“What can man do against such reckless hate?”
Theoden, The Lord of the Rings: The Two Towers
When I was in college, I would bring my computer home on winter break. Because it meant that, even though we weren’t able to hook it up to the internet (it took a long time for high speed to come to where I lived…) I could, at least, play with photo editors, write, and listen to music.

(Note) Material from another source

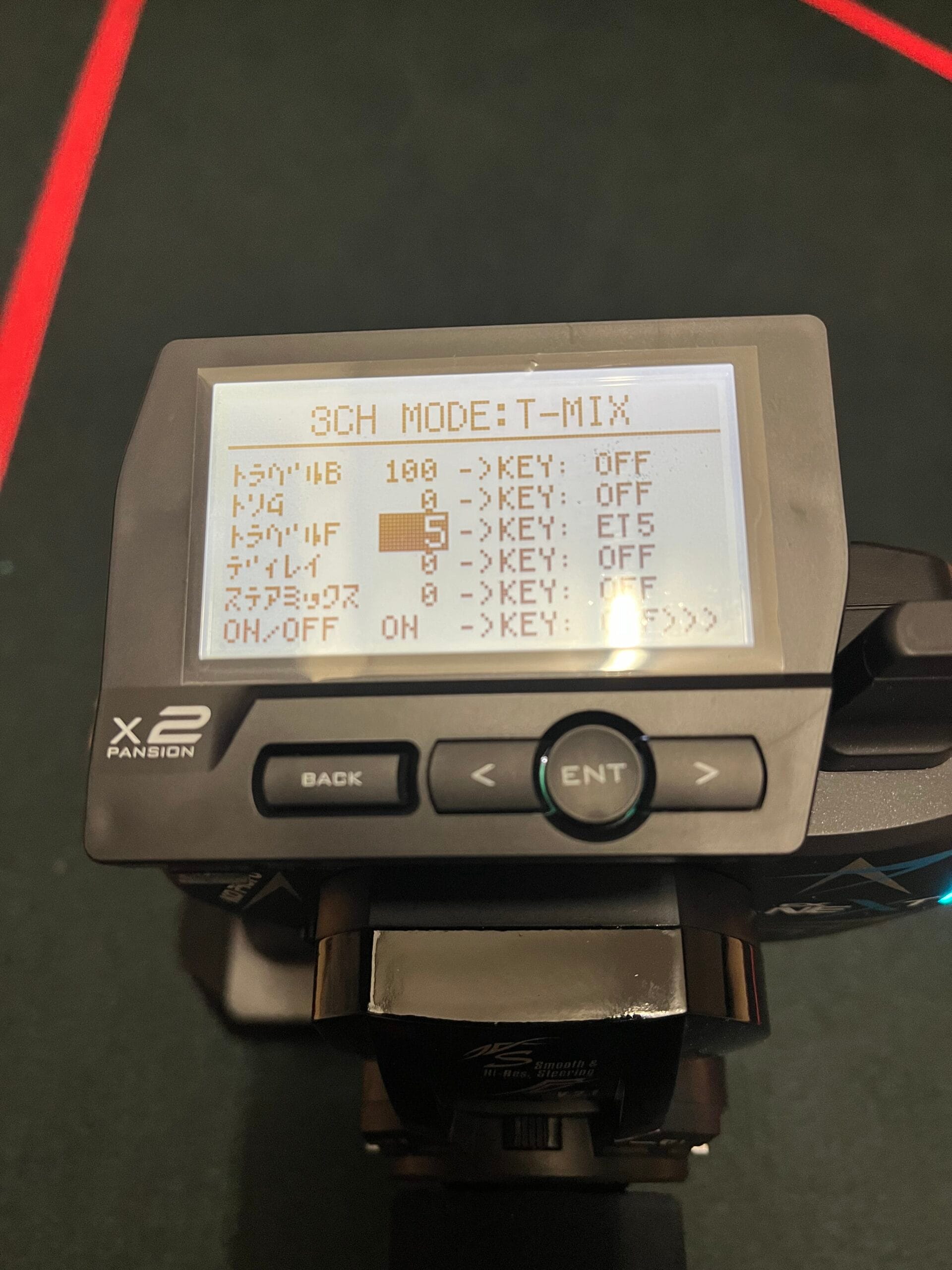 自宅コースは狭く、ステアを大きくしたいコーナーがあるので、ジャイロの設定はアクセルOFFで介入のないT-MIXで5~10%に設定。

The winter of my freshman year, I brought my computer home and my dad asked me if it was possible to hook the printer/scanner/copier up to it. I said of course it was, because I was up on all these things now. I understood computers, how they worked, and a little thing like a printer/scanner/copier was something I could manage.
He had a project for me.
He had recently gone to the home of a women who had lost her husband, a World War II vet. In the process of going through his things, his wife had found a folder of his files from the war. She had turned over the file to my father.
My dad asked me if I could scan the contents of it, because he wanted to send a digital copy, along with the original photos. I said that, sure, that was easy enough.
He then told me its contents.
This woman’s husband had been one of the first men through the gates at a concentration camp and had taken pictures. I don’t know which one, to be fair, at that moment, I was trying to process what, exactly, my dad was asking me to do.
He tried to explain that, I probably didn’t have to look at the pictures, if I thought it would bother me. But I might see things that I didn’t want to see. He was going to send it to a museum, but thought that, due to how old the photos were, it would be helpful to have them scanned.
I said I could do it.
I didn’t think too much about it. He was asking me to do a favor for him, I didn’t have to look, I just needed to scan, drop the files in a folder, and burn them to a CD. Easy.
He left me alone at the dining room table, where I had just been photoshopping my face into Lord of the Rings posters because that’s what you do when you have a computer and are learning the joys of how to play with photo manipulation.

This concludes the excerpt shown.